* [What is being asked]: Quote word for word from the line holding "据定期报告数据统计,近三年平" to the last line below, including both, and omit any pictures.

---+---

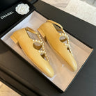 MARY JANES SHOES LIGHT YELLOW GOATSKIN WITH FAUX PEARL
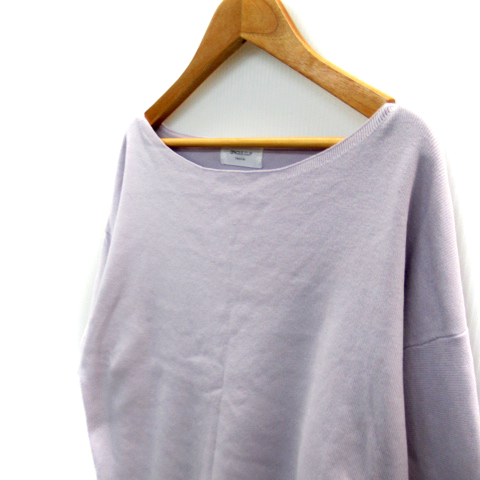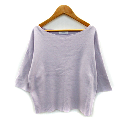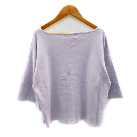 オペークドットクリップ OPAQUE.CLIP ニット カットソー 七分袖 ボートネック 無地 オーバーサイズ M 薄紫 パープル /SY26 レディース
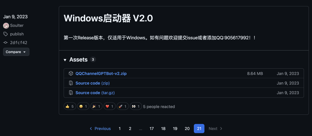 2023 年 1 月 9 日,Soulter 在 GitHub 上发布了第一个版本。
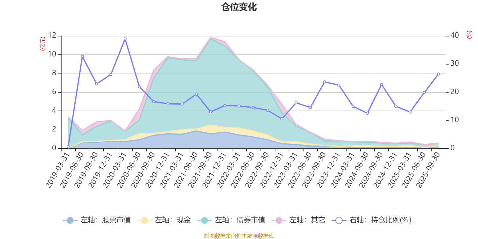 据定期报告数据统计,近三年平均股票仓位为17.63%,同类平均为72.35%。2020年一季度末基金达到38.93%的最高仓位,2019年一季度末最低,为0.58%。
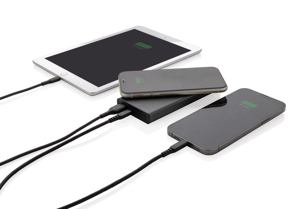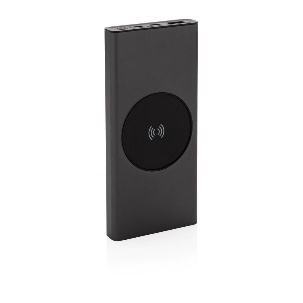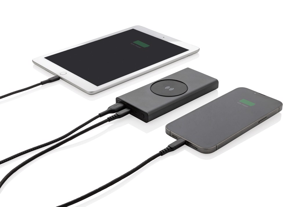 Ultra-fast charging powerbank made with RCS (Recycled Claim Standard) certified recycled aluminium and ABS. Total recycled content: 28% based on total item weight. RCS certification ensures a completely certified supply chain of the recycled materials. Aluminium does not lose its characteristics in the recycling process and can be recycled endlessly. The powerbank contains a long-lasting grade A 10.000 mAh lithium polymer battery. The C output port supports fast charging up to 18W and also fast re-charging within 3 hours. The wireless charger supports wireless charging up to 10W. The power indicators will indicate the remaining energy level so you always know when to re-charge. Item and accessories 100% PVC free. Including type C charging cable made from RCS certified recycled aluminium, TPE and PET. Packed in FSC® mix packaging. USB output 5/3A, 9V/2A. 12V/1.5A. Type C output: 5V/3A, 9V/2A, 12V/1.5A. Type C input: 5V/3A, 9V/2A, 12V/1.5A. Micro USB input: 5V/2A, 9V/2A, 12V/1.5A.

---+---

* [Written reply]:
 据定期报告数据统计,近三年平均股票仓位为17.63%,同类平均为72.35%。2020年一季度末基金达到38.93%的最高仓位,2019年一季度末最低,为0.58%。
 Ultra-fast charging powerbank made with RCS (Recycled Claim Standard) certified recycled aluminium and ABS. Total recycled content: 28% based on total item weight. RCS certification ensures a completely certified supply chain of the recycled materials. Aluminium does not lose its characteristics in the recycling process and can be recycled endlessly. The powerbank contains a long-lasting grade A 10.000 mAh lithium polymer battery. The C output port supports fast charging up to 18W and also fast re-charging within 3 hours. The wireless charger supports wireless charging up to 10W. The power indicators will indicate the remaining energy level so you always know when to re-charge. Item and accessories 100% PVC free. Including type C charging cable made from RCS certified recycled aluminium, TPE and PET. Packed in FSC® mix packaging. USB output 5/3A, 9V/2A. 12V/1.5A. Type C output: 5V/3A, 9V/2A, 12V/1.5A. Type C input: 5V/3A, 9V/2A, 12V/1.5A. Micro USB input: 5V/2A, 9V/2A, 12V/1.5A.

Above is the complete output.